Top of Data

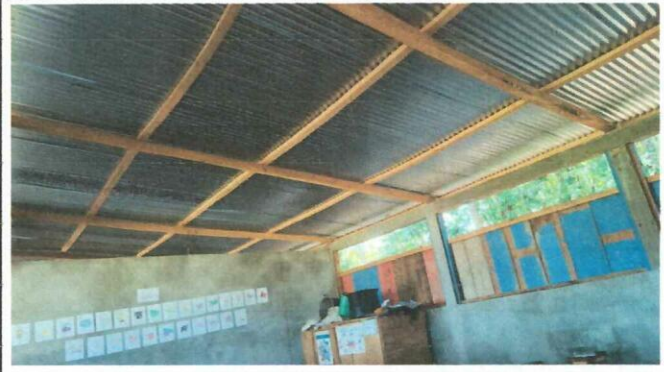
Foto 2: CAMBIO DE CUBIERTA DE LAMINA, A LAMINA TROQUELADA CALIBRE 26
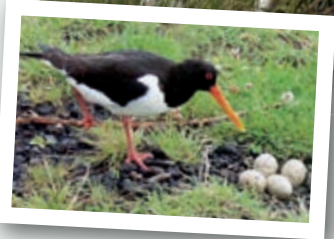
Tierwelt am Deich und in den Salzwiesen
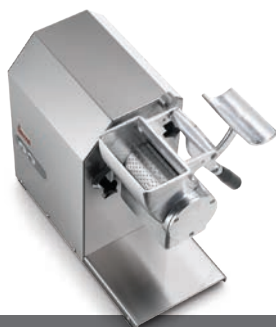
GF HP 4
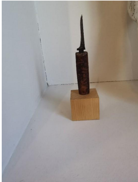
Ill 9: Nils Aas. Kniv/ Arvegods. 2005. Readymade av Knivstål, flammebjørk. H: 24,5cm. Nils Aas Kunstverksted, Inderøy.
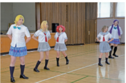
10 女性チームと女装チームのコラボレーションです。
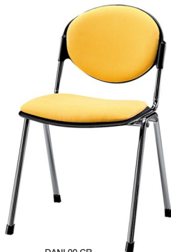
DANI 00 CR (Tapizada)
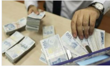
Adım adım yavaşlama
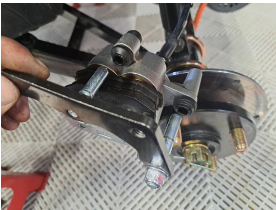
Irrota takajarrusatulan kiinnike takajarrusatulasta.
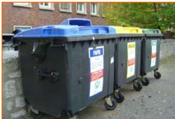
Zabojniki za ločeno zbiranje odpadkov
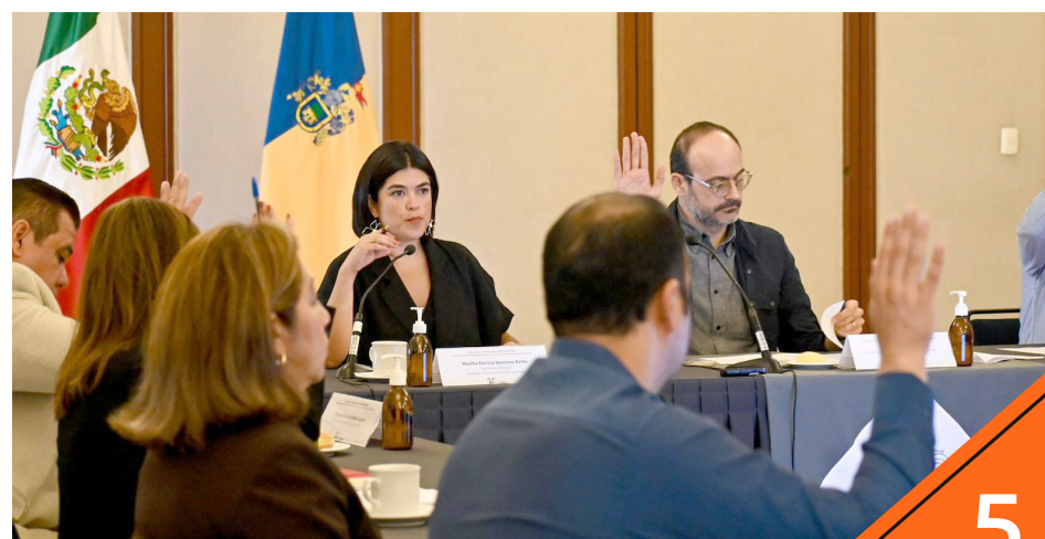
La Junta de Coordinación Metropolitana sesionó para aprobar la propuesta.

Durante los próximos 45 días, quienes habitan el Área Metropolitana de Guadalajara podrán participar en la Consulta Pública para el Desarrollo y Ordenamiento Metropolitano.
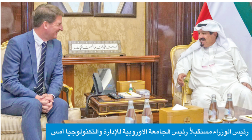
رئيس الوزراء مستقبلاً رئيس الجامعة الأوروبية للإدارة والتكنولوجيا أمس

في مجال آخر، بعث سمو رئيس مجلس الوزراء بترقية تعزية إلى الملك البحريني حمد بن عيسى آل خليفة ضمنها سموه خالص تعازيه وصادق مواساته بوفاة المغفور له بإذن الله تعالى الشيخ إبراهيم بن حمد بن عبدالله آل خليفة. وبعث سمو رئيس مجلس الوزراء بترقية تهنئة إلى الرئيس اللبنانية العماد جوزاف عون بمناسبة ذكرى استقلال بلاده.
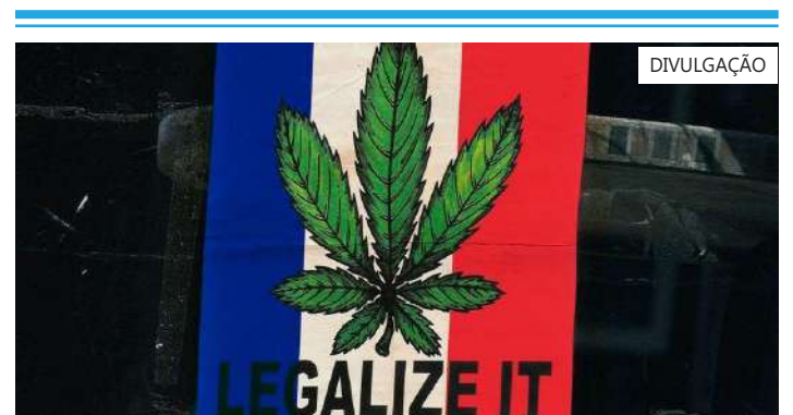
Medicamentos à base de cannabis deverão obter licença do regulador francês até 31 de dezembro deste ano

variações específicas de epilepsia resistentes aos medicamentos; dor neuropática; sintomas oncológicos relacionados a crâncos (uma espécie de tumor); situações paliativas; e patologias que afetam o sistema nervoso, como a esclerose múltipla, informou a RTP.
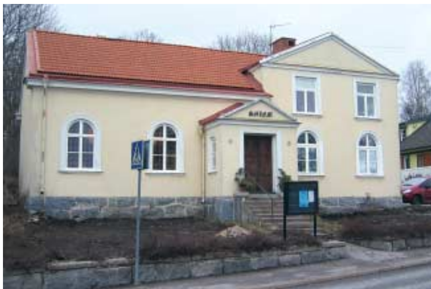
Salem 2002 före tillbyggnad.

Församlingen är som bäst en kropp där Kristus är huvudet och vi människor medlemmar. På samma sätt som vi själva är Guds kläder, höljet kring en gnista av Guds ande, är kyrkobyggnaden församlingens kläder, skalet kring församlingens gemensamma liv i högtid och vardag. Kyrkobyggnaden själv är inte helig av annat skäl än församlingens närvaro och gemenskap under Kristus, men den kan vara församlingens stolthet – och dess bekymmer. Att bygga och vårda den gemensamt är som att sy, lappa, tvätta och stryka sin rock eller kappa. Förr ärvde man också kläder, och även idag övertar barn kläder från sina storasyskon och kanske kamrater. Vår kyrka har vi ärvt av våra »storasyskon«, och vi har ett ansvar för att vårda byggnaden för våra småsystors räkning! När Sigtuna baptistförsamling började växa på nytt insåg vi snart att lokalerna skulle bli otillräckliga, men vi hade en del olika uppfattningar
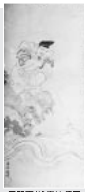
平野喜伴 恵比須図
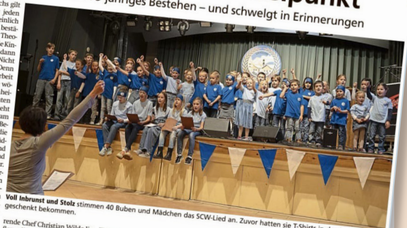
Voll Inbrunst und Stolz stimmen 40 Buben und Mädchen das SCW-Lied an. Zuvor hatten sie T-Shirts in den Vereinsfarben geschenkt bekommen.

Bottom of Data

◆ **Task**
Nothing outside the stretch above, from the line with "في مجال آخر،" through the line with "Salem 2002 före tillbyggnad.", is set down. Transcribe that stretch exactly, ends included, but not its pictures.

◆ **Answer to this problem**
في مجال آخر، بعث سمو رئيس مجلس الوزراء بترقية تعزية إلى الملك البحريني حمد بن عيسى آل خليفة ضمنها سموه خالص تعازيه وصادق مواساته بوفاة المغفور له بإذن الله تعالى الشيخ إبراهيم بن حمد بن عبدالله آل خليفة. وبعث سمو رئيس مجلس الوزراء بترقية تهنئة إلى الرئيس اللبنانية العماد جوزاف عون بمناسبة ذكرى استقلال بلاده.
Medicamentos à base de cannabis deverão obter licença do regulador francês até 31 de dezembro deste ano

variações específicas de epilepsia resistentes aos medicamentos; dor neuropática; sintomas oncológicos relacionados a crâncos (uma espécie de tumor); situações paliativas; e patologias que afetam o sistema nervoso, como a esclerose múltipla, informou a RTP.
Salem 2002 före tillbyggnad.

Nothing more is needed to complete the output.